▸ What is needed
Copy every line of the data below exactly as given, except for the pictures.

▸ Source data
☆ ☆ ☆ ☆ ☆

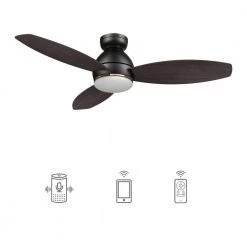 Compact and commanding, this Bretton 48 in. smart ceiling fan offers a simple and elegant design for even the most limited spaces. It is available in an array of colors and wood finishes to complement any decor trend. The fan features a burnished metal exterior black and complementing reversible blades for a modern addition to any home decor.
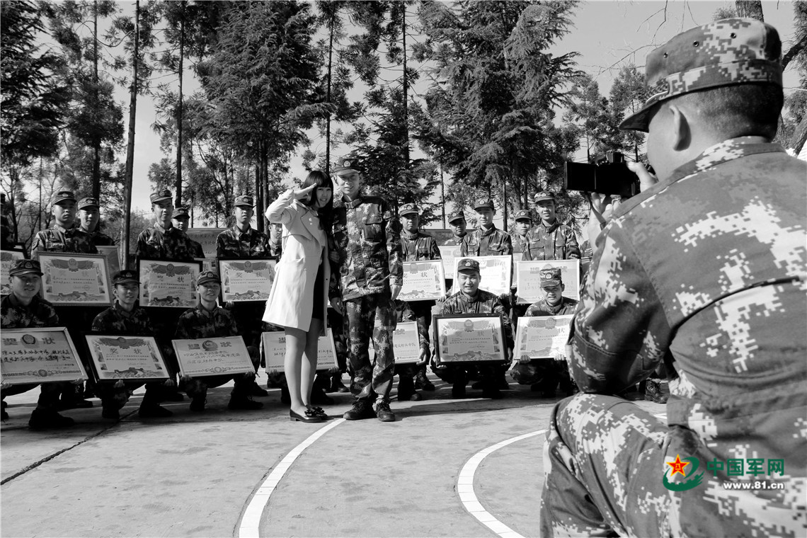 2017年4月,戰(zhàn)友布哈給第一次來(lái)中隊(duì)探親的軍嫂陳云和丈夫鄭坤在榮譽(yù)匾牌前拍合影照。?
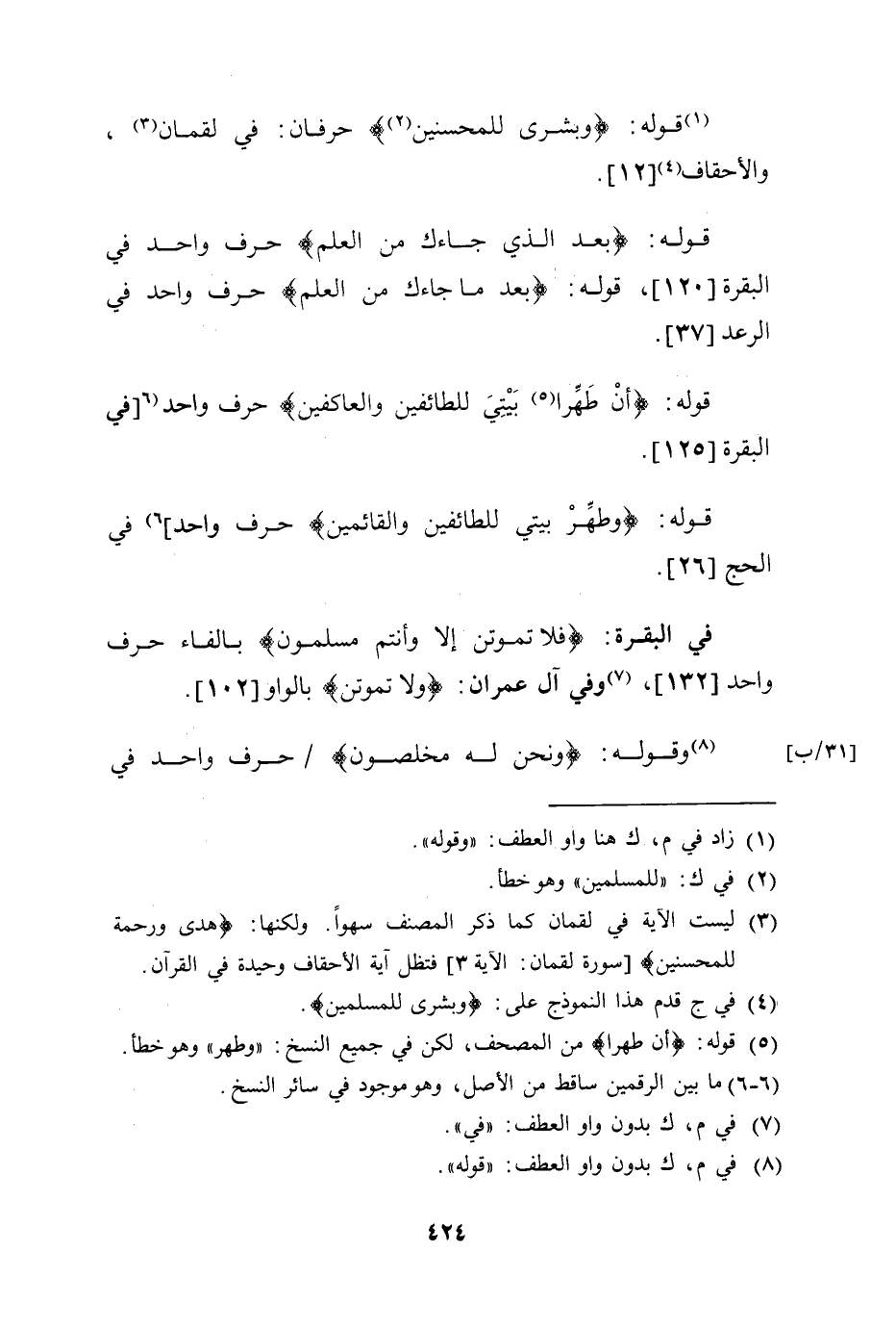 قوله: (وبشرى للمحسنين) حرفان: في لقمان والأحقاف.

☆ ☆ ☆ ☆ ☆

▸ Output
 Compact and commanding, this Bretton 48 in. smart ceiling fan offers a simple and elegant design for even the most limited spaces. It is available in an array of colors and wood finishes to complement any decor trend. The fan features a burnished metal exterior black and complementing reversible blades for a modern addition to any home decor.
 2017年4月,戰(zhàn)友布哈給第一次來(lái)中隊(duì)探親的軍嫂陳云和丈夫鄭坤在榮譽(yù)匾牌前拍合影照。?
 قوله: (وبشرى للمحسنين) حرفان: في لقمان والأحقاف.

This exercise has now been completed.